Manic. If you had to describe this show in one word it would be manic. It's like the writers drank 30 cups of coffee, then wrote a play. It's like the actors drank 30 cups of coffee before performing. Fast talking, quick movements, manic.
The play centres around three sisters and their varying struggles with sanity. I'm not sure if the play was supposed to be a comedy, there was a lot of jokes and a good one every ten minutes or so but the plot seemed too absurdist for a comedy.
The play goes from one sister who talks to aliens and attaches her furniture to the ceiling, to another constantly bemoaning her fate, to the third, Anne-Marie MacDonald portraying Aunt Jackie from the tv show Roseanne down to the hand wringing and oversize gestures.

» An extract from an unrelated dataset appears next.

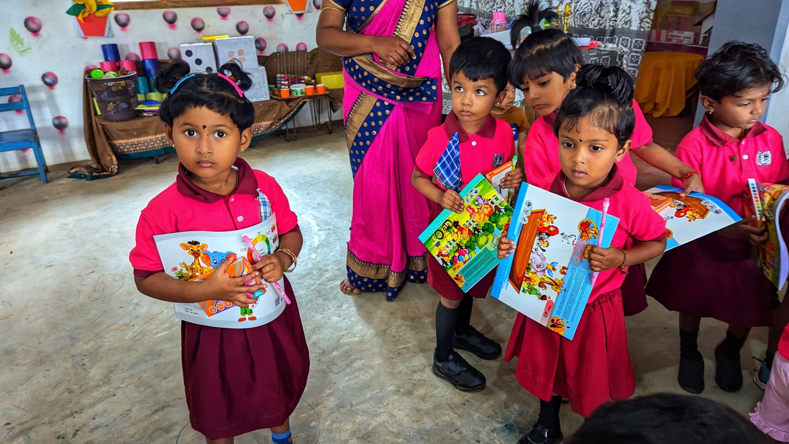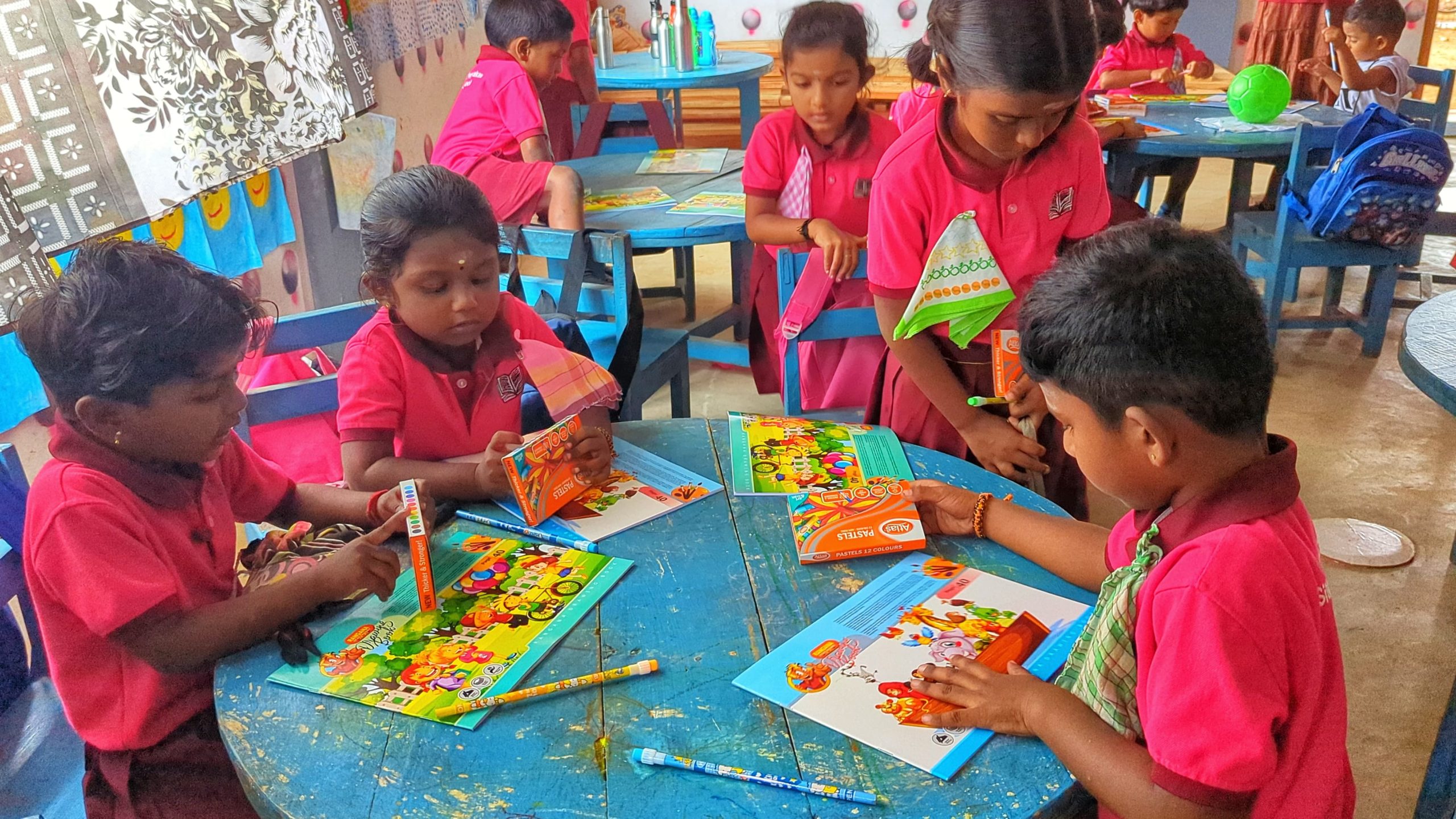 அதேநேரம் செல்வன்.பாபுஜி அவர்களது நிதிப் பங்களிப்பில் பிறந்தநாள் நிகழ்வில் கலந்து கொண்ட மாணவ மாணவியர்களுக்கும், பாலர் பாடசாலை குழந்தைகளுக்கும் கற்றல் உபகரணங்களாக கற்றலுக்கான வசதிக்கு சித்திரக் கொப்பிகள், கலர் சோக் பெட்டிகள், பென்சில்கள் வழங்கி வைக்கப்பட்டது..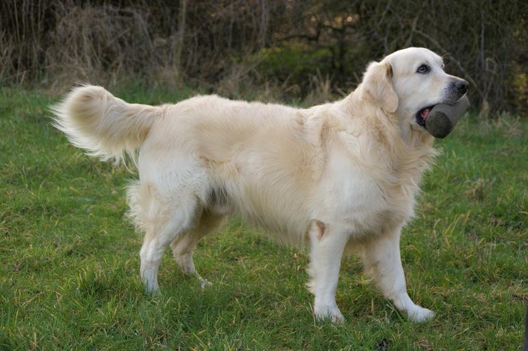 Keywords: dog retriever golden retriever pet animal fur hair fun awakened walk attention mindful

The problem is nothing is believable. The story is not believable and goes no where and the characters have no arc, when the story ends everyone is in the same emotional state as when they begin. Along the way we're treated to an insane person's rantings; of hidden cameras, alien abductions, far out diseases. None of it makes any sense. And the payoff, the end of they play, is a narrator saying "a year later, everything got better". The end.
Skip this, along with the rest of this season's Tarragon offerings. Last season they had original musicals, stories from remote parts of Canada, and contemporary dramas. This year every play seems to be the result of five people locked in a room for two hours.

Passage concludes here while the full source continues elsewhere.